On the other hand assume you have a manifold $M$ and want to know if it admits an effective $\mathbb S^1$-action. In this case Will's answer is useless and as far as I know no good answer is known.

If there is an action on $M$ then

• There are some restrictions on $\pi_1(M)$; for example compact hyperbolic manifolds do not admit smooth $\mathbb S^1$-actions;
• If $M$ is simply connected and spin then $\hat A(M)$ has to vanish.

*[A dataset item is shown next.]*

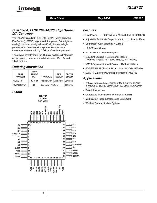 10-bit, +3.3V, 260MSPS, High Speed D/AConverter

I do not know any other restriction.

Assuming you mean: An action of the group $\mathbb R/\mathbb Z$ without stabilizer:

If you look at the quotient of the manifold $M$ by the action, you get a manifold $N$ with a circle bundle $M$. Circle bundles are classified by their Chern class, which is an element of $H^2(N,\mathbb Z)$ coming from the exact sequence $H^1(\mathbb Z) \to H^1(\mathbb R) \to H^1(\mathbb R/\mathbb Z) \to H^2(\mathbb Z)$.

To find a volume preserved by the circle action, take any volume and average it with its pullbacks along the circle action.

So the classification is any smooth compact connected manifold $N$ plus an element of $H^2(N,\mathbb Z)$.